--- Input data ---
——

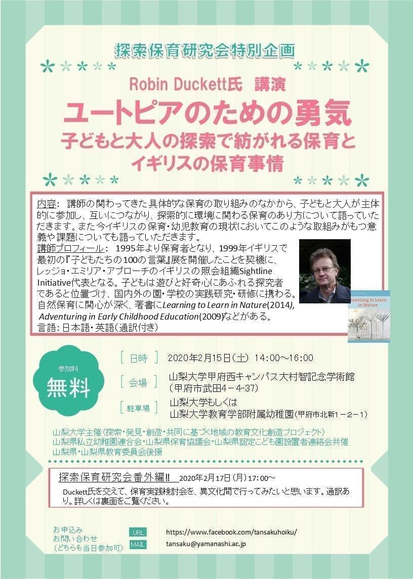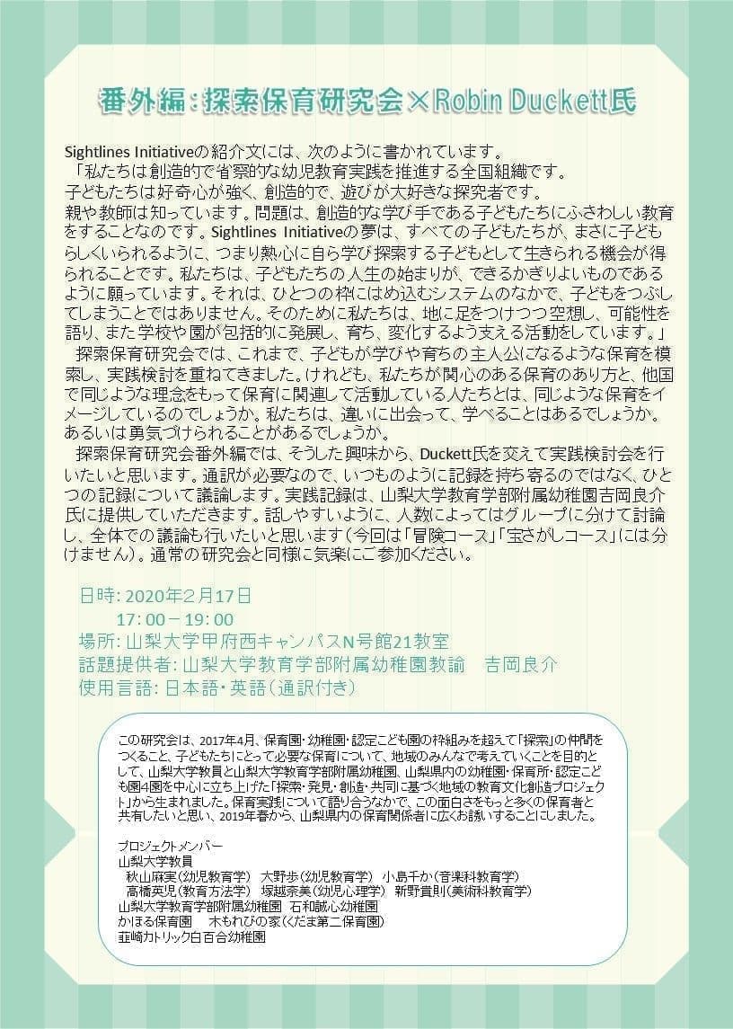 Duckett氏を交えて、保育実践検討会を、異文化間で行ってみたいと思います。通訳あり。詳しくは裏面をご覧ください。
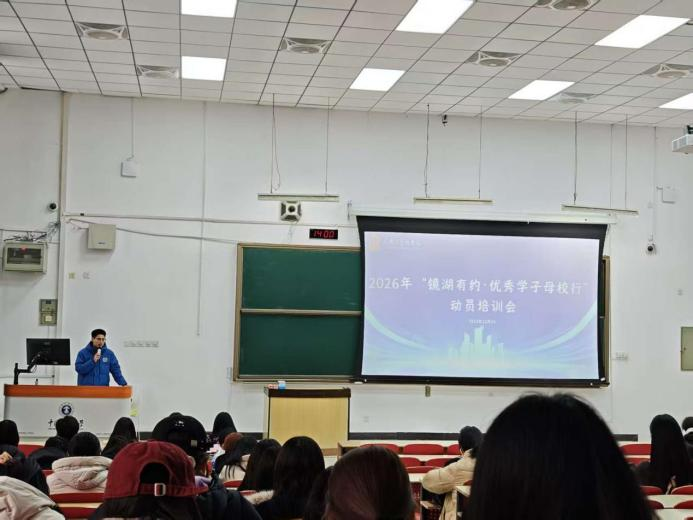 2026年“镜湖有约·优秀学子母校行”动员大会在博学2号楼C101召开。2025级辅导员、指导老师程金松及150余名学子参与会议。
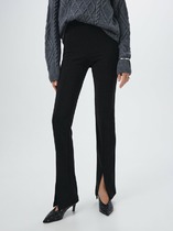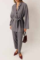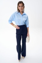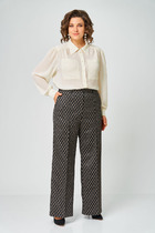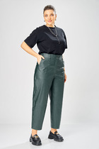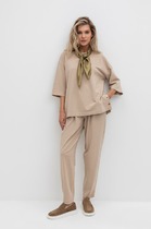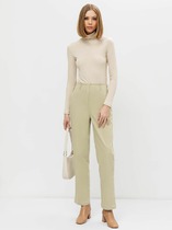 Брюки зауженные из текстильного полотна габардин с добавлением вискозы. Притачной пояс со шлевками, гульфиком и застежкой на молнию, крючок. Боковые карманы с отрезным бочком. По спинке пояс на резинке. Заутюженные стрелки.

——

--- Your objective ---
Word for word, output the whole listing, but not its pictures.

--- Solution to this task ---
 Duckett氏を交えて、保育実践検討会を、異文化間で行ってみたいと思います。通訳あり。詳しくは裏面をご覧ください。
 2026年“镜湖有约·优秀学子母校行”动员大会在博学2号楼C101召开。2025级辅导员、指导老师程金松及150余名学子参与会议。
 Брюки зауженные из текстильного полотна габардин с добавлением вискозы. Притачной пояс со шлевками, гульфиком и застежкой на молнию, крючок. Боковые карманы с отрезным бочком. По спинке пояс на резинке. Заутюженные стрелки.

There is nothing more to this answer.